> _Exercise brief_: Give the data below again exactly as written, but without the pictures.

> _Source data_:
____________

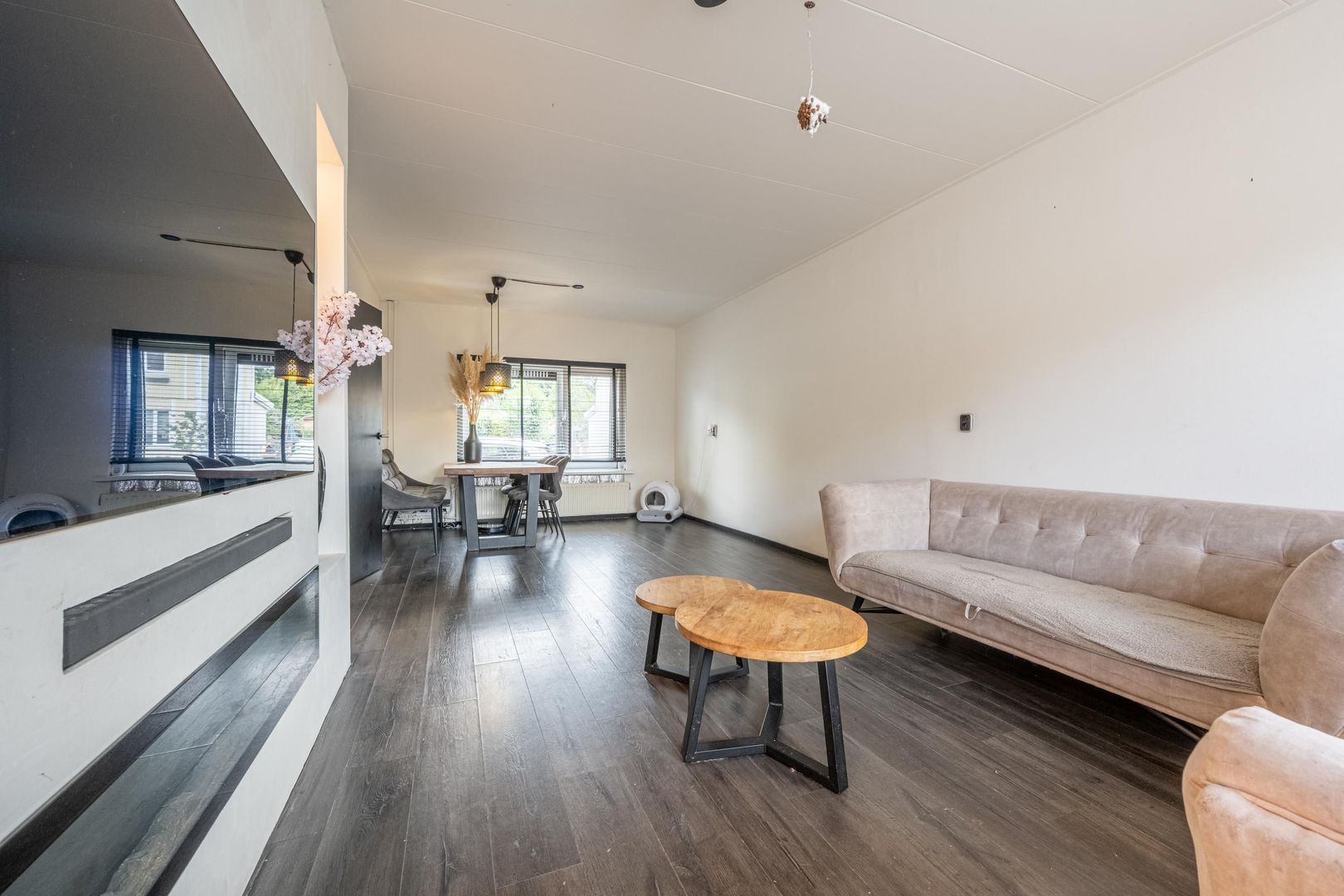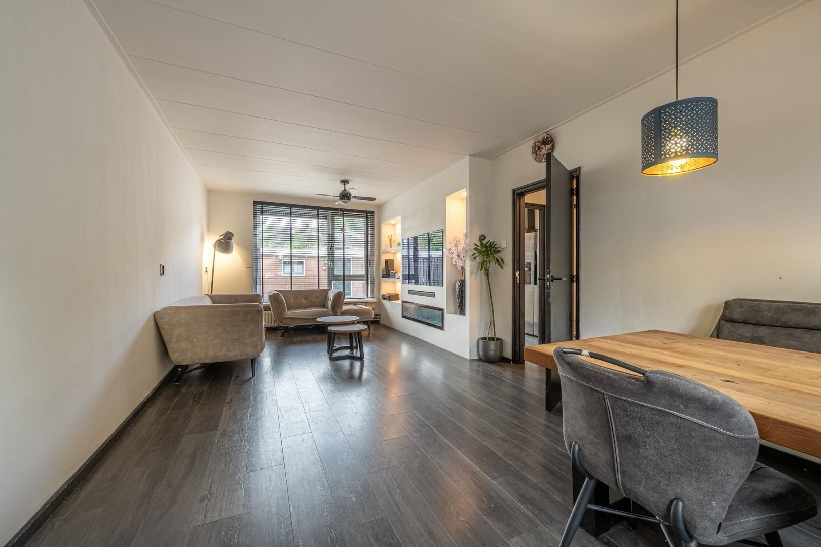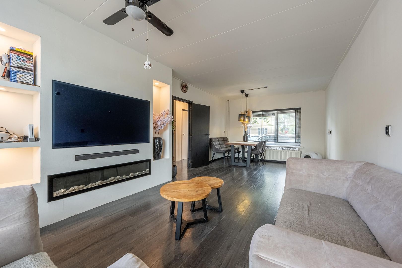 De doorzon woonkamer heeft een trendy cinewall met sfeerhaard en inbouwverlichting.
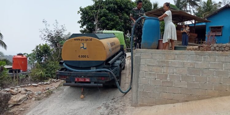 Trenggalek – bedanews.com – Sebuah aksi solidaritas luar biasa terjadi di wilayah Kecamatan Panggul, Kabupaten Trenggalek, ketika Babinsa Koramil 0806/11 Panggul, Serka Suharjo, bersama-sama dengan petugas PDAM (Perusahaan Daerah Air Minum) Trenggalek, berkolaborasi untuk menyediakan bantuan air bersih bagi warga yang terdampak kekeringan. Kegiatan ini merupakan langkah nyata dalam membantu masyarakat yang membutuhkan di saat sulit ini, Jum’at (27/10/2023).
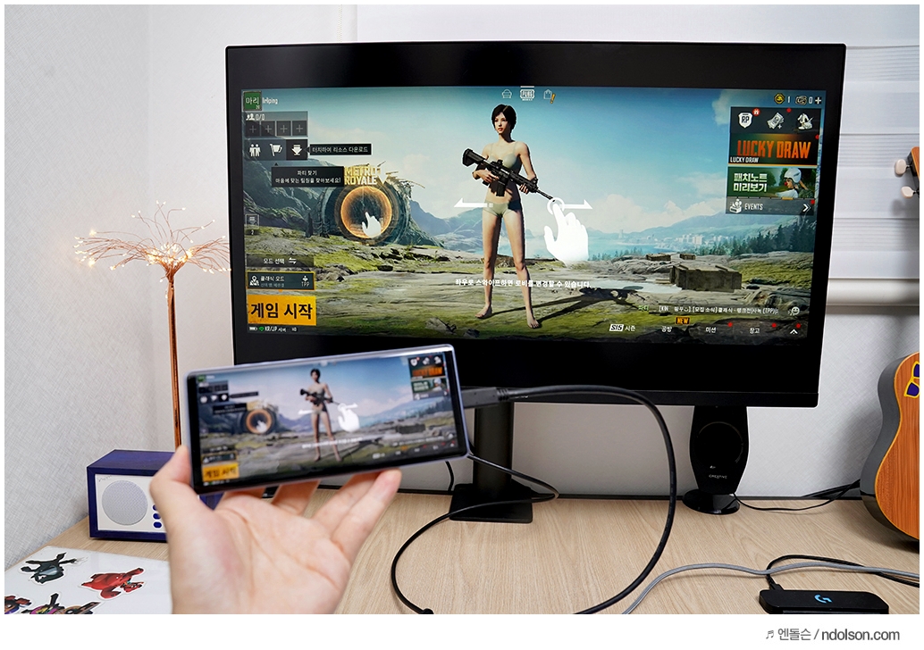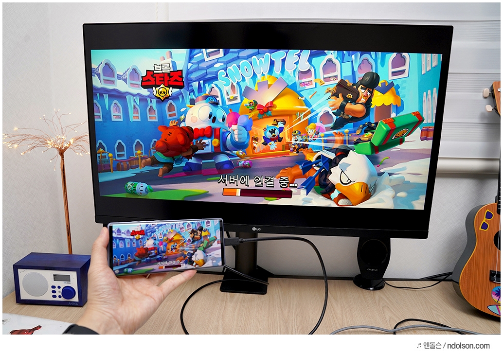 또 데이터 연동도 가능해서 스마트폰 화면이 바로 미러링 되어 그대로 보입니다. 스마트폰의 게임 및 앱 실행하는 화면이 바로 모니터로 출력됩니다.
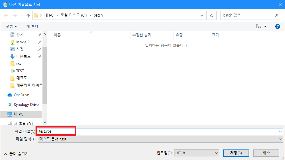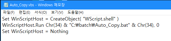 코드의 배치파일경로만 수정해서 저장할때 .vbs로하면 vbs파일로 만들어진다.
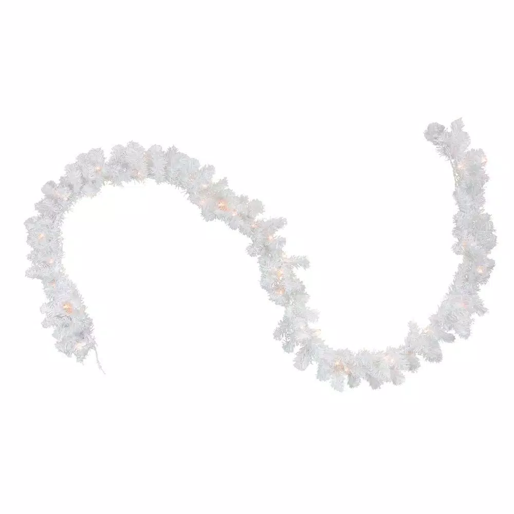 Deck the halls with boughs of garland. With warm white lights this garland is sure to cast a dazzling glow over your holiday decor. A perfect accent for a door or wall to add a bit of dimension and holiday cheer. Add ornaments or bows to make a unique decoration. Product Features: Snowy white branch tips. Pre-lit with 50 clear mini lights. 160 tips. 1.75 in. W tapered tips. 30 in. white lead cord. Additional Product Features: Super bright bulbs. Recommended for indoor use only. If 1-bulb burns out the rest will stay lit. Bendable wire center allows for you to shape the garland any way you desire. Metal hooks on each end for easy hanging. Flame retardant. UL listed for indoor or outdoor use. Contains end-to-end connectors allows you to connect multiple garlands together (not to exceed 210-Watt). Comes with replacement bulbs and spare fuse. Wire gauge: 22. 120-Volt 60 hz 0.17 Amp 20.4-Watt. Dimensions: 9 ft. L x 8 in. W. Material(s): PVC/glass bulbs/wire/metal.
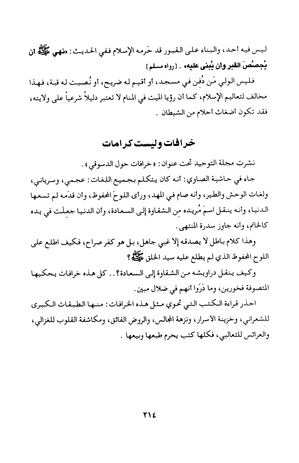 احذر قراءة الكتب التي تحوي مثل هذه الخرافات: منها الطبقات الكبرى للشعراني، وخزينة الأسرار، ونزهة المجالس، والروض الفائق، ومكاشفة القلوب للغزالي، والعرائس للثعالبي، فكلها كتب يحرم طبعها وبيعها.
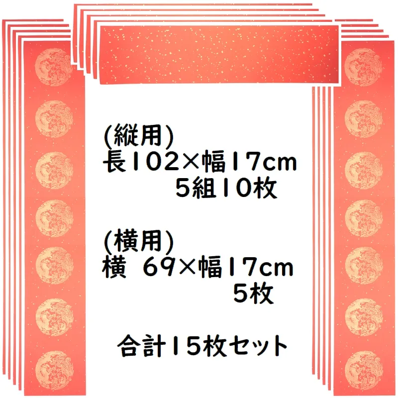 対聯 用紙 七言 長104×幅17cm 紅金無地 縦10枚横5枚セット 中国 宣紙 条幅 書道 対聯用
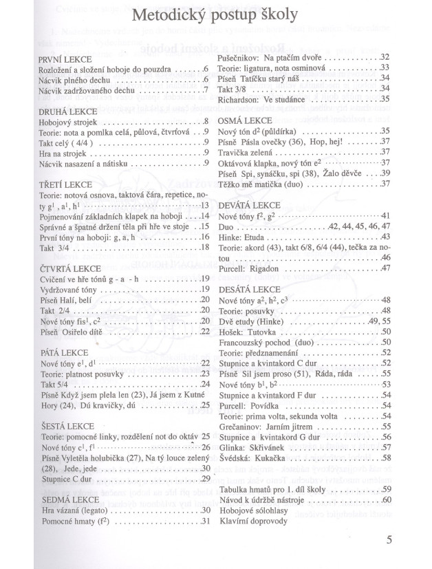 Škola pro nejmladší hobojisty vychází z autorových celoživotních pedagogických zkušeností a je rozvržena do čtyř sešitů. V tomto prvním díle naleznete úplné základy hry na hoboj. Žáci se zde učí ovládat dýchání a dobře tvořit nátisk.
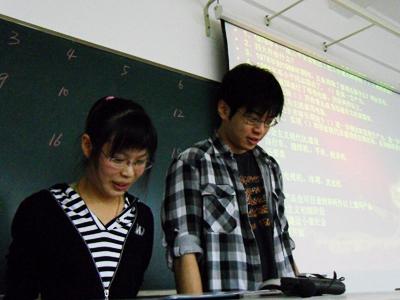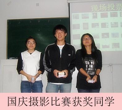 本次班会由黄启帆和陆琴琴同学担任主持,他们亦趣亦谐的主持风格促成了舞台上下师生的热力互动,现场效果极佳。由班长赵翔自制祖国的60周年华诞的视频短片拉开了整场晚会的帷幕。紧接着,在美妙的配乐声中,诸剑锋和朱慧莉同学的建国60周年诗朗诵完美演绎出激情与喜悦,很好地诠释了本次晚会的主题。 随后的国庆摄影大赛作品评比和国庆有奖问答更是精彩不断,高潮迭起,同学们掌声雷动,欢乐声一浪高过一浪。在选票统计期间,诸剑锋、周佳庆、黄慧敏、范芸、王瑛等同学为我们歌唱了《明天会更好》、《同一首歌》和《五星红旗》等爱国歌曲,动人的旋律声声入耳,自然地带动了场下的观众齐声合唱,充分体现了同学们对于祖国母亲的热爱。伴随着悦耳、美妙的歌声,摄影比赛的前三名也已产生,分别由叶涛、顾诗怡和杨婕妤同学获得。在大家热烈的掌声中,辅导员老师和班主任纷纷上台为获奖选手颁奖,场面温馨而感人。
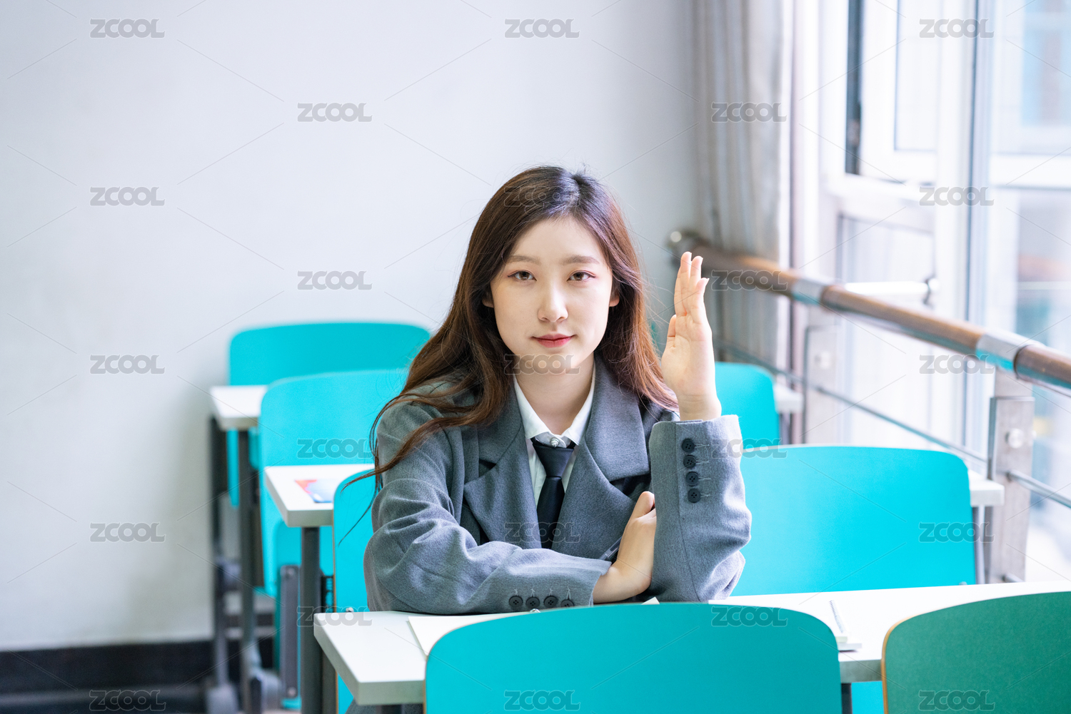 中国美女大学生在教室内认真上课举起手提出回答问题
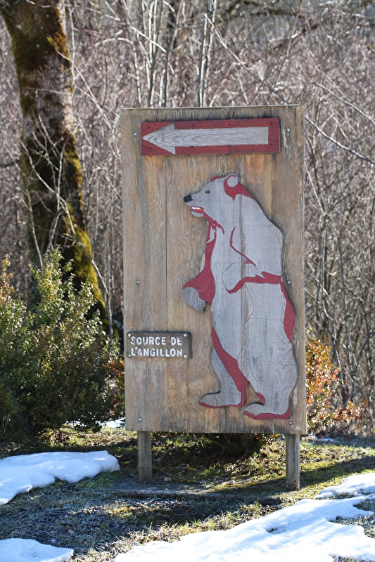 Depuis le magnifique clocher comtois du village, c’est jusqu’à sa source que vous remonterez l’Angillon, affluent de l’Ain. Au bout du chemin, dans un cirque rocheux, vous longerez une suite de petites cascades. C’est à partir d’ici que la féerie s’opère… Abandonnez la petite route pour emprunter le sentier forestier, sans oublier de jeter un coup d’œil de l’autre côté de la rivière, où une petite grotte est occupée par… deux ours !
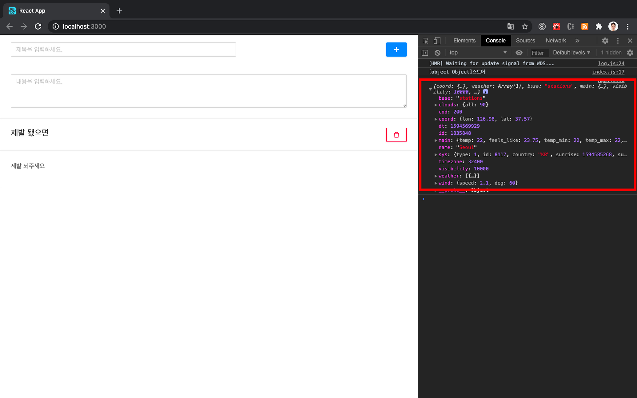 3. 날씨 불어오기 버튼 클릭 후 (성공)
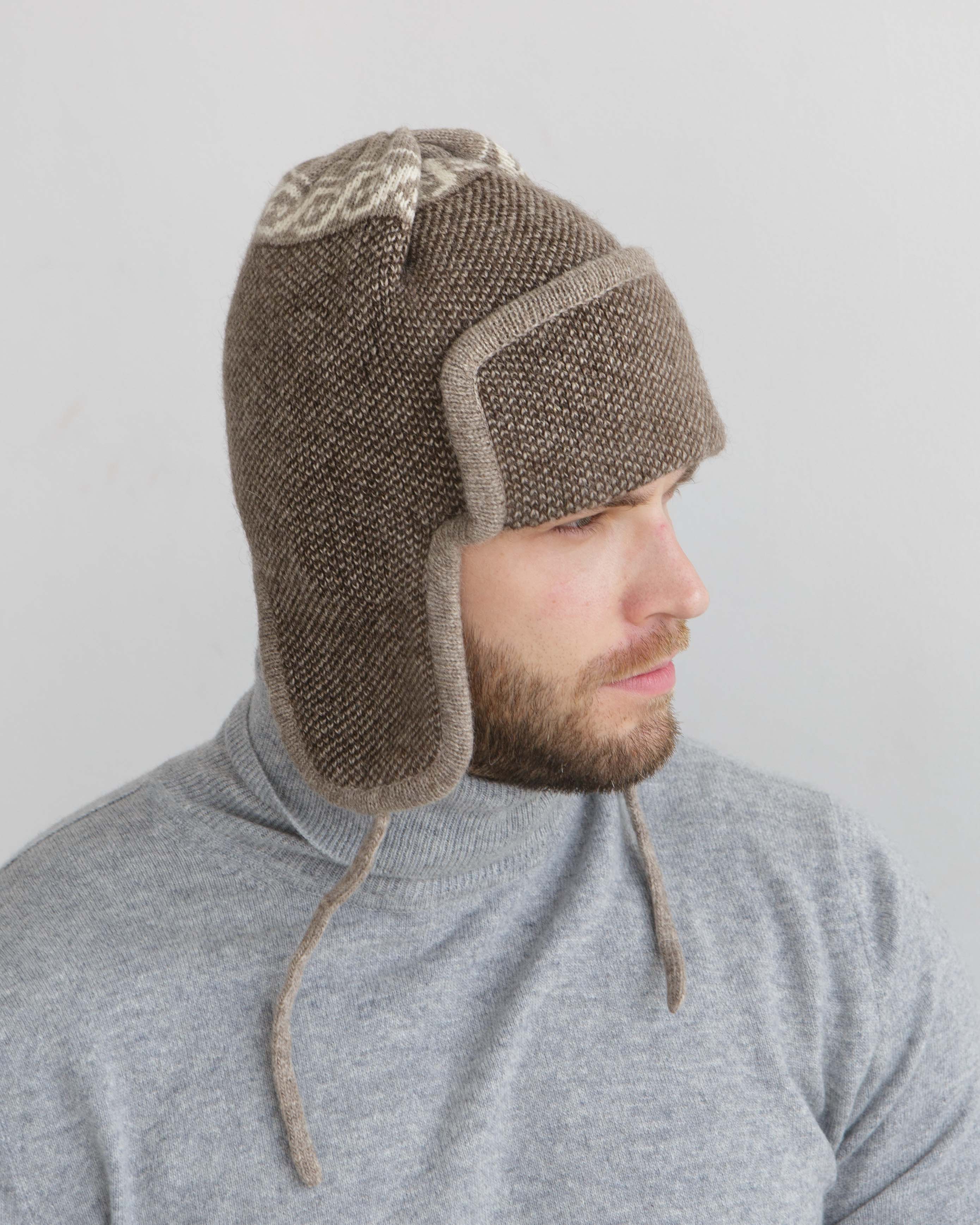 Ушанка из шерсти яка с рисунком 3871 коричневая

____________

> _Your response_:
 De doorzon woonkamer heeft een trendy cinewall met sfeerhaard en inbouwverlichting.
 Trenggalek – bedanews.com – Sebuah aksi solidaritas luar biasa terjadi di wilayah Kecamatan Panggul, Kabupaten Trenggalek, ketika Babinsa Koramil 0806/11 Panggul, Serka Suharjo, bersama-sama dengan petugas PDAM (Perusahaan Daerah Air Minum) Trenggalek, berkolaborasi untuk menyediakan bantuan air bersih bagi warga yang terdampak kekeringan. Kegiatan ini merupakan langkah nyata dalam membantu masyarakat yang membutuhkan di saat sulit ini, Jum’at (27/10/2023).
 또 데이터 연동도 가능해서 스마트폰 화면이 바로 미러링 되어 그대로 보입니다. 스마트폰의 게임 및 앱 실행하는 화면이 바로 모니터로 출력됩니다.
 코드의 배치파일경로만 수정해서 저장할때 .vbs로하면 vbs파일로 만들어진다.
 Deck the halls with boughs of garland. With warm white lights this garland is sure to cast a dazzling glow over your holiday decor. A perfect accent for a door or wall to add a bit of dimension and holiday cheer. Add ornaments or bows to make a unique decoration. Product Features: Snowy white branch tips. Pre-lit with 50 clear mini lights. 160 tips. 1.75 in. W tapered tips. 30 in. white lead cord. Additional Product Features: Super bright bulbs. Recommended for indoor use only. If 1-bulb burns out the rest will stay lit. Bendable wire center allows for you to shape the garland any way you desire. Metal hooks on each end for easy hanging. Flame retardant. UL listed for indoor or outdoor use. Contains end-to-end connectors allows you to connect multiple garlands together (not to exceed 210-Watt). Comes with replacement bulbs and spare fuse. Wire gauge: 22. 120-Volt 60 hz 0.17 Amp 20.4-Watt. Dimensions: 9 ft. L x 8 in. W. Material(s): PVC/glass bulbs/wire/metal.
 احذر قراءة الكتب التي تحوي مثل هذه الخرافات: منها الطبقات الكبرى للشعراني، وخزينة الأسرار، ونزهة المجالس، والروض الفائق، ومكاشفة القلوب للغزالي، والعرائس للثعالبي، فكلها كتب يحرم طبعها وبيعها.
 対聯 用紙 七言 長104×幅17cm 紅金無地 縦10枚横5枚セット 中国 宣紙 条幅 書道 対聯用
 Škola pro nejmladší hobojisty vychází z autorových celoživotních pedagogických zkušeností a je rozvržena do čtyř sešitů. V tomto prvním díle naleznete úplné základy hry na hoboj. Žáci se zde učí ovládat dýchání a dobře tvořit nátisk.
 本次班会由黄启帆和陆琴琴同学担任主持,他们亦趣亦谐的主持风格促成了舞台上下师生的热力互动,现场效果极佳。由班长赵翔自制祖国的60周年华诞的视频短片拉开了整场晚会的帷幕。紧接着,在美妙的配乐声中,诸剑锋和朱慧莉同学的建国60周年诗朗诵完美演绎出激情与喜悦,很好地诠释了本次晚会的主题。 随后的国庆摄影大赛作品评比和国庆有奖问答更是精彩不断,高潮迭起,同学们掌声雷动,欢乐声一浪高过一浪。在选票统计期间,诸剑锋、周佳庆、黄慧敏、范芸、王瑛等同学为我们歌唱了《明天会更好》、《同一首歌》和《五星红旗》等爱国歌曲,动人的旋律声声入耳,自然地带动了场下的观众齐声合唱,充分体现了同学们对于祖国母亲的热爱。伴随着悦耳、美妙的歌声,摄影比赛的前三名也已产生,分别由叶涛、顾诗怡和杨婕妤同学获得。在大家热烈的掌声中,辅导员老师和班主任纷纷上台为获奖选手颁奖,场面温馨而感人。
 中国美女大学生在教室内认真上课举起手提出回答问题
 Depuis le magnifique clocher comtois du village, c’est jusqu’à sa source que vous remonterez l’Angillon, affluent de l’Ain. Au bout du chemin, dans un cirque rocheux, vous longerez une suite de petites cascades. C’est à partir d’ici que la féerie s’opère… Abandonnez la petite route pour emprunter le sentier forestier, sans oublier de jeter un coup d’œil de l’autre côté de la rivière, où une petite grotte est occupée par… deux ours !
 3. 날씨 불어오기 버튼 클릭 후 (성공)
 Ушанка из шерсти яка с рисунком 3871 коричневая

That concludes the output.